It’s been one week since the U.S. and Iran agreed to a two-week ceasefire in hopes of negotiating a permanent end to the war that has engulfed the Middle East since late February.
So is the conflict over yet? Not quite. But there’s been some movement since hostilities were put on hold.
Vice President JD Vance traveled to Pakistan on Saturday for the United States’ first direct meeting with Iran in more than a decade. Officials from Israel and Lebanon met in Washington, D.C., on Tuesday. The Strait of Hormuz — the critical oil shipping route that’s taken center stage since Iran blocked it off at the start of the conflict — has become an even bigger sticking point. And the global economic picture is looking gloomier as a result.
On Tuesday, President Trump told the New York Post that additional U.S.-Iran peace talks “could be happening over the next two days” in Islamabad.
Here’s everything you need to know to catch up.
Are the U.S. and Iran making progress in peace talks?
Over the weekend, Vance and U.S. negotiators Steve Witkoff and Jared Kushner spent 21 hours in Islamabad pushing for a peace deal with their Iranian counterparts. When they left, Vance tersely announced that the two sides had not reached an agreement because Tehran had “chosen not to accept our terms.”

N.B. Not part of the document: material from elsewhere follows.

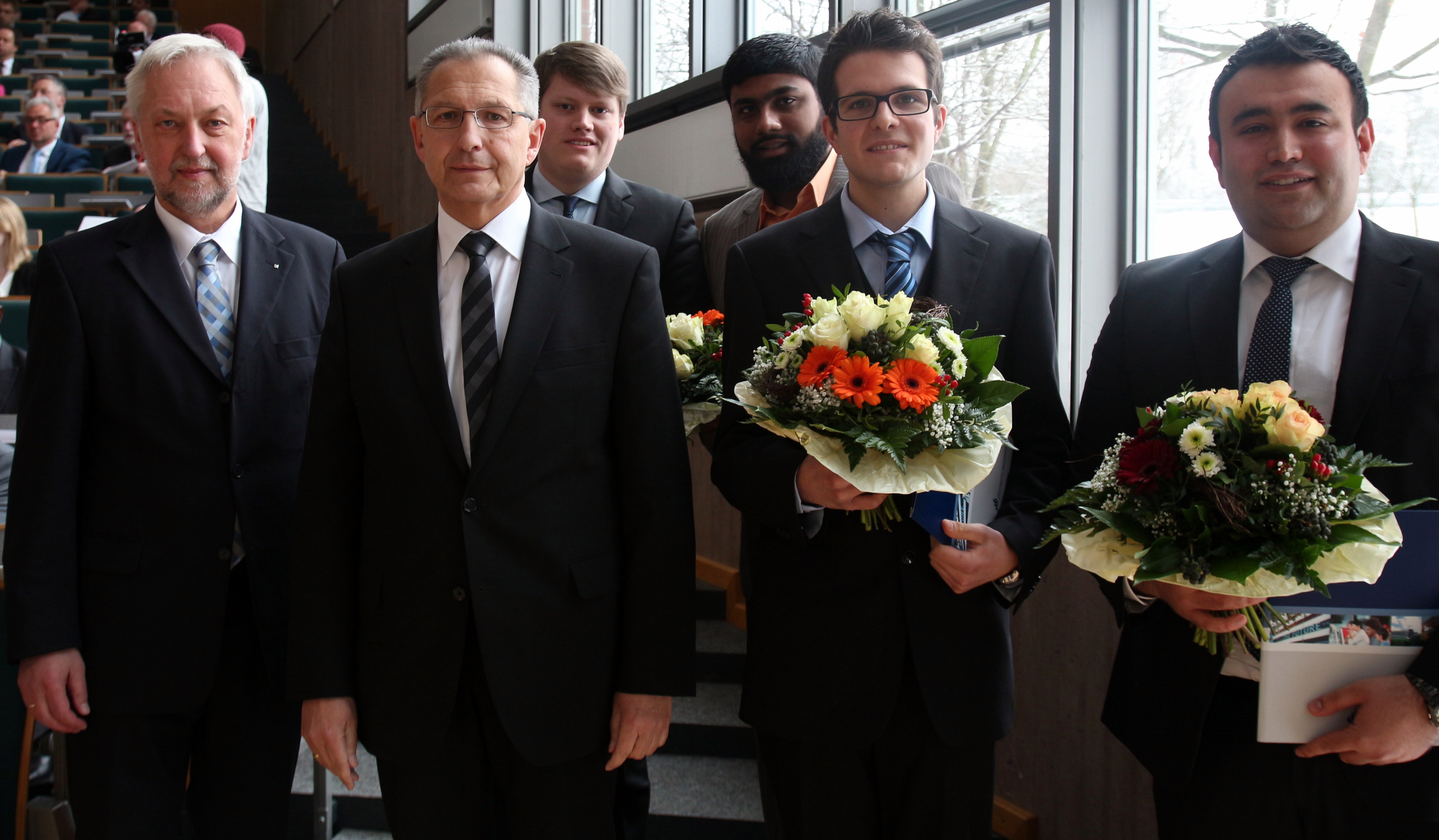 Überreicht von Präsident Prof. Dr. Wilhelm Schäfer und Bernhard Dorenkamp (Universitätsgesellschaft), gingen die Preise für ausländische Studierende an Azharuddin Kazi und Mehmet Esat Aydinöz.
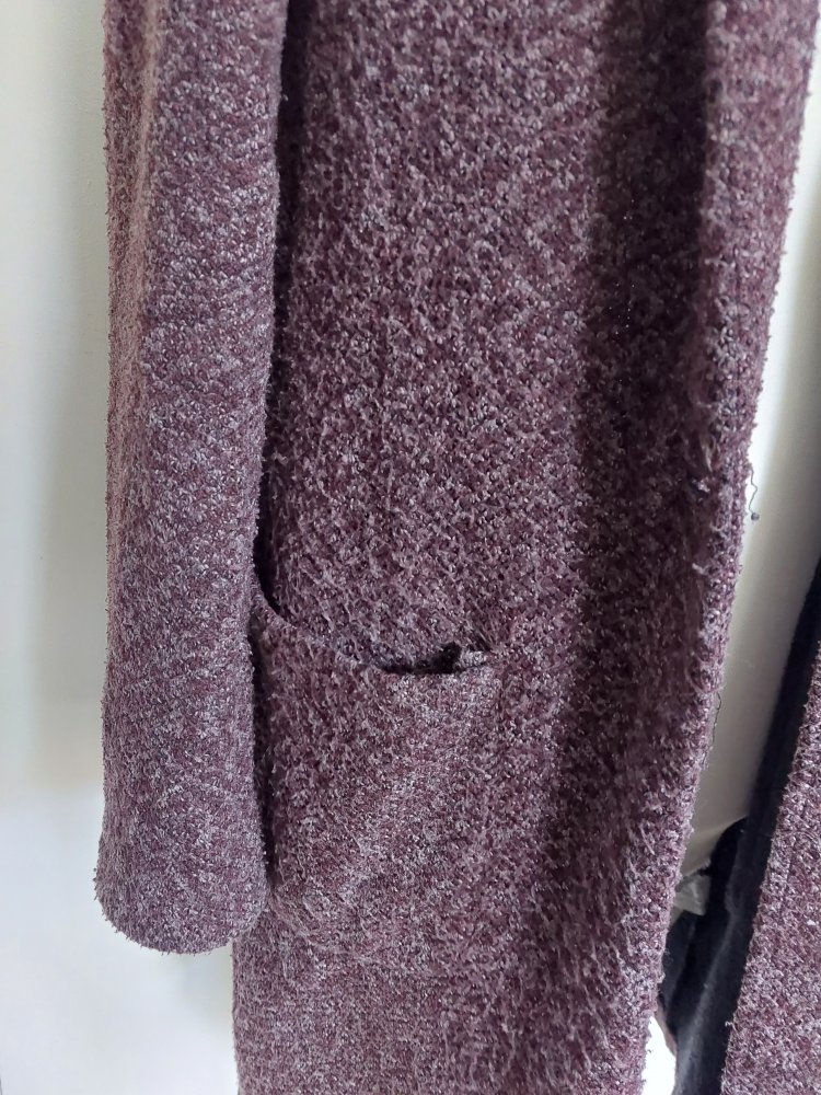 Der Mantel ist lang und hat vorn zwei Taschen :)

“We’ve made very clear what our red lines are,” Vance said at the time. “We need to see an affirmative commitment that they will not seek a nuclear weapon, and they will not seek the tools that will enable them to quickly achieve a nuclear weapon.”
Trump insisted he was fine with that outcome. Iran’s “military is gone,” he told reporters at Joint Base Andrews in Maryland on Sunday, and “their missiles are largely depleted.”
“I don’t care if they come back [to the negotiating table] or not,” the president added. “If they don’t come back, I’m fine.”

Men walk past a building that, according to Iranian authorities, was hit by a strike on March 4 during the U.S.-Israeli military campaign, on April 14 in Tehran.
(Majid Saeedi/Getty Images)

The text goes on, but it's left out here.